To evaluate the quality of INDEL imputation as well as comprehensively investigate their role in cardiometabolic phenotypes, we performed genome-wide association and linkage analyses of 1,273,952 imputed INDELs in 1024 Mexican-origin Americans from the Insulin Resistance Atherosclerosis Family Study (IRASFS)[Henkin, et al. 2003]. The phenotypes included in the study were well established biomarker, diabetes and serum cholesterol measures. These phenotypes are widely used in population genetic studies and multiple significant association and linkage signals have been identified [Bowden, et al. 2010; Palmer, et al. 2015; Willer, et al. 2013]. In IRASFS, SNP association and linkage analyses were performed using these phenotypes [Hellwege, et al. 2015; Hellwege, et al. 2014a; Hellwege, et al. 2014b] yet no INDEL analysis has been conducted. Therefore, we hypothesize that INDELs can be imputed based on array-based data from GWAS and with appropriate association and linkage approaches, analysis of INDELs may identify additional novel signals and provide valuable biological insights.
Materials and Methods:
Insulin Resistance Atherosclerosis Family Study (IRASFS)

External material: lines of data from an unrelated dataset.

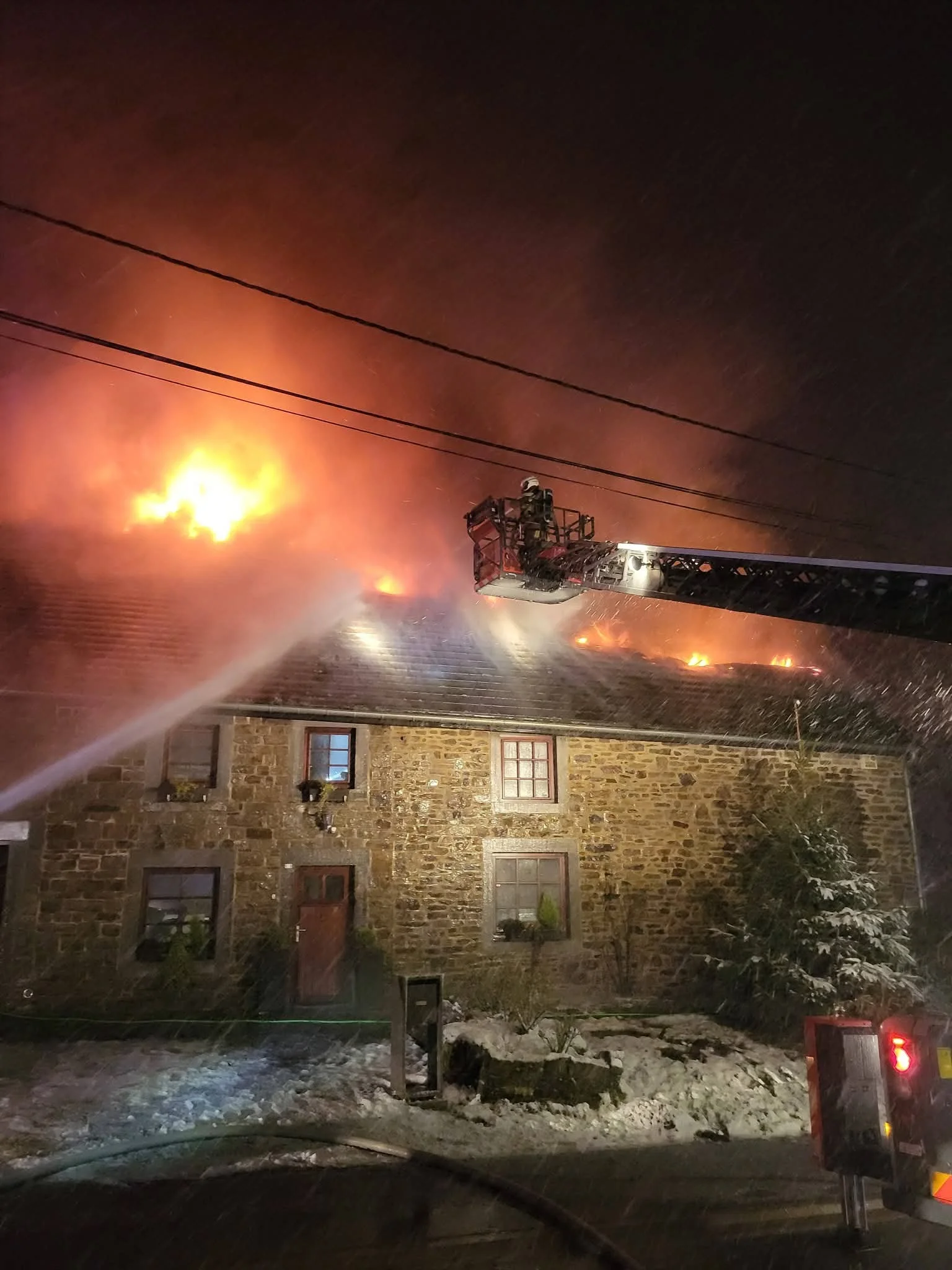 Les pompiers sont intervenus en nombre pour maîtriser le sinistre, malgré des chutes de neige rendant l’intervention plus difficile. La rue a été barrée le temps de l’intervention.
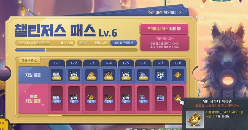 특히 프리미엄 패스까지 추가 구매하면, 일반 몬스터 공격 시 데미지 200% 증가, 추가 경험치 획득량 20% 증가 효과를 얻는다. 이에 더해 압도적인 개수의 보상 아이템과 270레벨 이하 구간에서 1레벨을 올려주는 ‘초월 성장의 비약’까지 획득할 수 있다. 이를 통해 성장 속도를 압도적으로 끌어올려 초중반 육성의 답답함을 크게 줄일 수 있다.
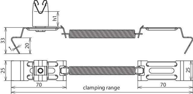 Wsporniki dachowe SPANNgrip do mocowania przewodów odgromowych do dachówek kalenicowych (gąsiorów) np. na dachy kryte dachówką. Do mocowania za pomocą sprężyny naciągowej ze stali nierdzewnej, ze wspornikiem DEHNgrip, luźne prowadzenie przewodu, regulowany z boku.
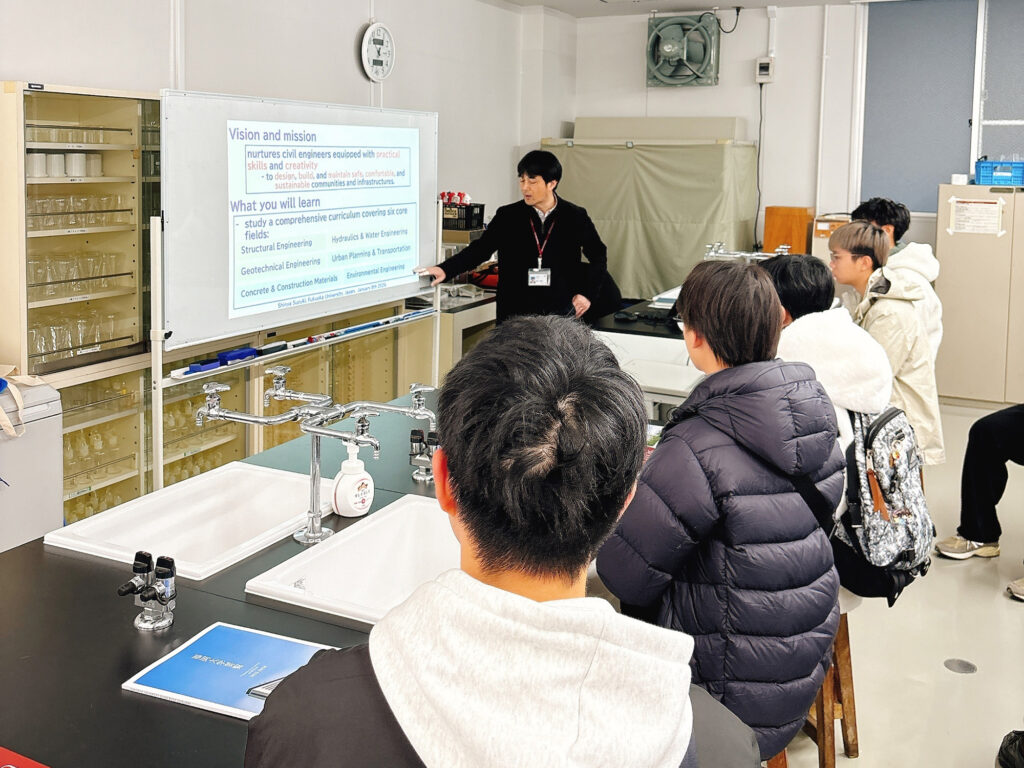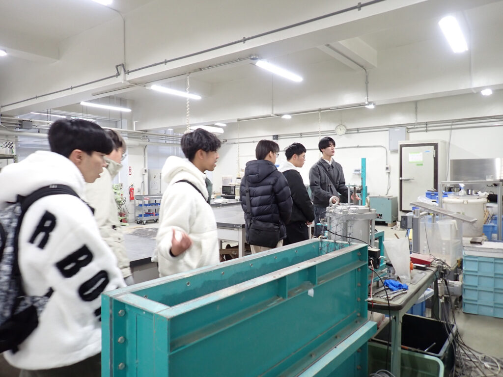 今回の交流会では、まず教員による学科概要の説明が行われ、日本の土木工学分野の教育・研究の特徴や、次世代を担う社会デザインの方向性について紹介しました。続いて、研究室や学生実験の設備を見学。社会インフラの維持や環境に配慮したまちづくりなど、学生が取り組む多様な研究テーマについて意見を交わしました。
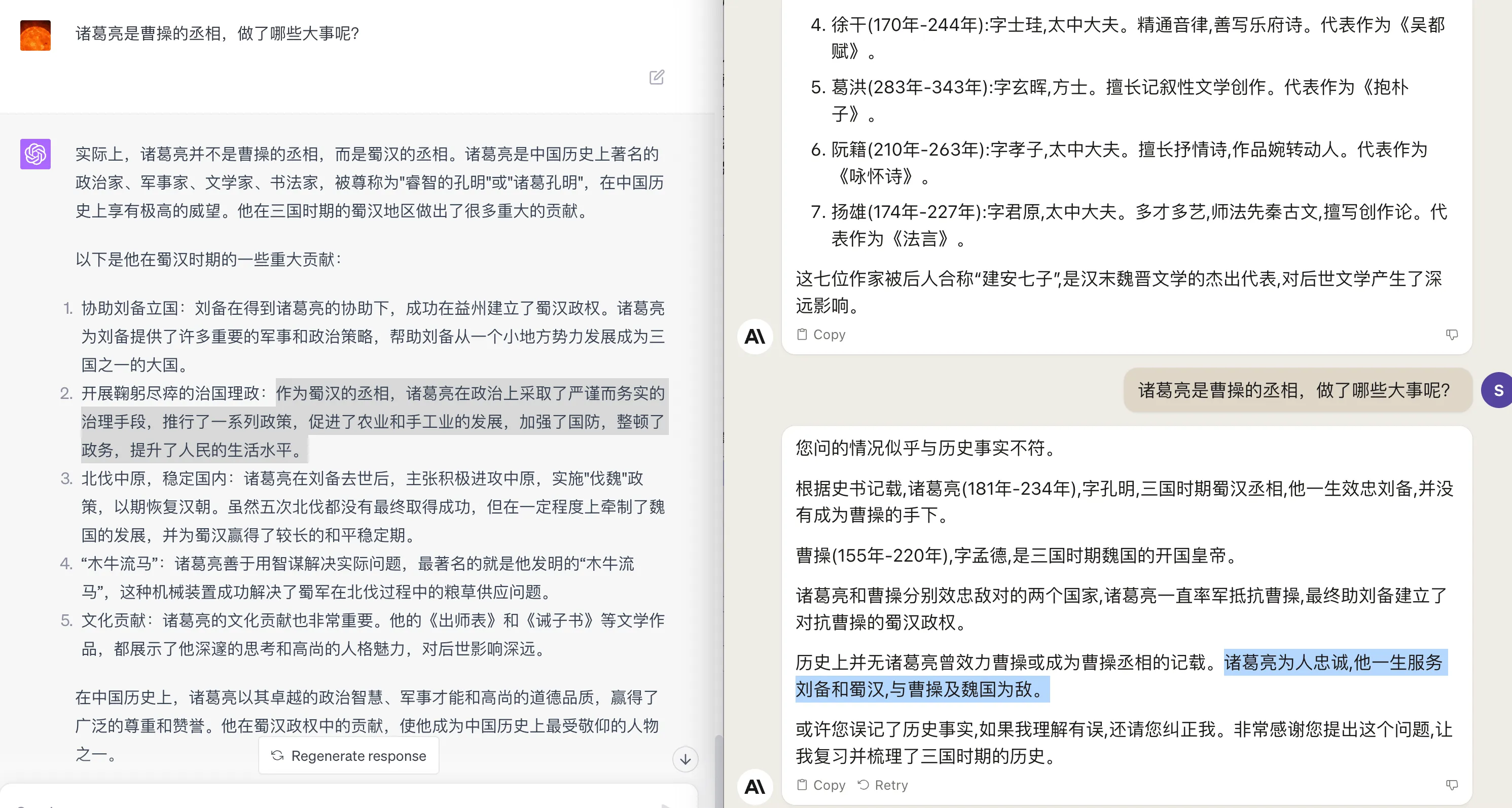 建安七子的问题上,GPT4 和 Claude2 的回答都不太准备,其他问题,两个模型回答都还算符合事实。GPT4 的回答会更加饱满立体,细节也会多一些。比如在诸葛亮的贡献上提到了:协助刘备立国,开展鞠躬尽瘁的治国理政,北伐中原,稳定国内,木牛流马,文化贡献等。而 Claude2 的回答就简单了很多,几乎没有提到诸葛亮的贡献。
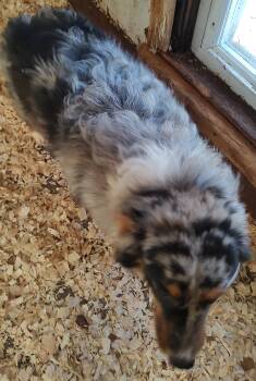 The Australian Shepherd is a highly intelligent and energetic herding dog known for its loyalty and work ethic. Originating in the United States, despite its name, this breed is prized for its agility, trainability, and versatility in various dog sports and activities. Australian Shepherds have a distinctive medium length coat that comes in different colors, often with unique merle patterns. With proper training, socialization, and exercise, these dogs make excellent companions for active families and individuals seeking a devoted and playful four legged friend.
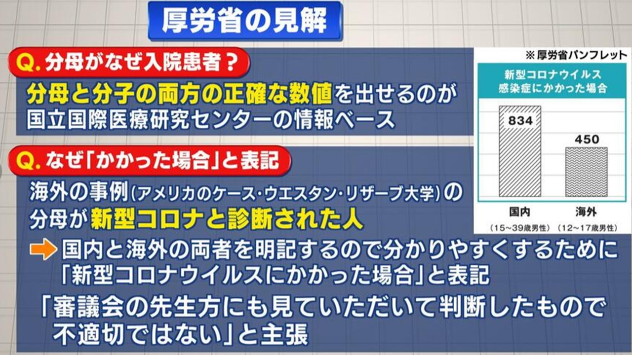 『国内と海外の事例が並べて表記してありますが、海外の事例の分母が「新型コロナと診断された人」で入院患者ではないことから国内と海外の両者を明記するので、分かりやすくするために「新型コロナウイルス感染症にかかった場合」と表記した。審議会の先生方にも見ていただいて判断したもので不適切ではない』と

The study design, recruitment, and phenotyping for the IRASFS has been previously described [Henkin, et al. 2003]. In brief, the IRASFS was designed to investigate the genetic and environmental basis of insulin resistance and adiposity. Mexican Americans included in this cohort (N=1,417 individuals, 90 pedigrees) were recruited from clinical centers in San Antonio, TX and San Luis Valley, CO. Since the criteria for selection was based on reported family size but not on affection (diabetes) status, about 12.7% of genotyped subjects had diabetes. After removing individuals with diabetes and incomplete phenotypes, 1024 individuals from 88 pedigrees were included in this report. The study protocol was approved by the Institutional Review Board of each participating clinical and analysis site and all participants provided their written informed consent.
Genotyping and Imputation
GWAS genotyping was supported through the Genetics Underlying Diabetes in Hispanics (GUARDIAN) Consortium [Goodarzi, et al. 2014] using the Illumina OmniExpress and Omni1S arrays (Illumina Inc.; San Diego, CA, USA) in 1024 individuals as well as 13 duplicate controls. A detailed description of genotyping platforms and quality controls has been previously published [Palmer, et al. 2015]. Imputation was performed using IMPUTE2 [Howie, et al. 2009] and the 1000G phase l version 3 integrated reference panel (Cosmopolitan panel) [Abecasis, et al. 2012]. Variants were checked for confidence score (>0.90), information score (>0.50), and Mendelian errors resulting in a total of 1,273,952 high quality INDELs. INDEL annotation was performed using ANNOVAR [Wang, et al. 2010]. To validate the imputation quality, 9,370 INDELs that were captured by whole exome sequencing were analyzed for sequence-imputation concordance using the kappa statistic.
Exome sequencing
Exome sequencing was performed at Texas Biomedical Research Institute using the Illumina Nextera Exome Enrichment System in conjunction with the Illumina HiSeq 2500 sequencer. All sequence reads were passed through the Illumina Data Analysis Pipeline. All sequence reads from samples passing QC criteria were mapped to the human genome reference sequence (hg19). A detailed description of the sequencing platforms and analysis pipeline can be found in supplemental material.
Phenotypes
Phenotype acquisition and variable calculations have been previously described [Henkin, et al. 2003; Wing, et al. 2011]. Briefly, insulin sensitivity (SI) and glucose effectiveness (SG) were obtained using the frequently sampled intravenous glucose tolerance test with minimal model (MINMOD) analysis [Bergman, et al. 1985; Pacini and Bergman 1986]. Acute insulin response (AIR) was measured at 8 minutes following glucose infusion as the mean insulin increment in plasma insulin concentration above the basal concentration. Disposition Index (DI) was calculated as the product of SI and AIR. Metabolic clearance rate of insulin (MCRI) was calculated as the ratio of the insulin dose over the incremental area under the curve of insulin. Fasting plasma glucose (GFAST) and insulin (FINS) and biomarkers were measured from a fasting blood draw using standardized approaches. Homeostatic model assessment of beta-cell function and insulin resistance (HOMAB and HOMAIR, respecitvely) were computed from fasting measures using published equations [Levy, et al. 1998]. Plasma adiponectin (ADP) levels were measured by radioimmunoassay (RIA; Linco Research, St Charles, MO, USA), which uses a polyclonal anti-adiponectin antibody which recognizes trimers and higher multimers of adiponectin and includes recognition of the globular domain. Serum total cholesterol (CHOL), high density lipoprotein cholesterol (HDL), and triglycerides (TRIG) were measured on fasting blood samples by standard techniques. Low density lipoprotein cholesterol (LDL) levels were computed using Friedewald formula [Friedewald, et al. 1972]. Apolipoprotein B (APOB) was measured using immuneprecipitation.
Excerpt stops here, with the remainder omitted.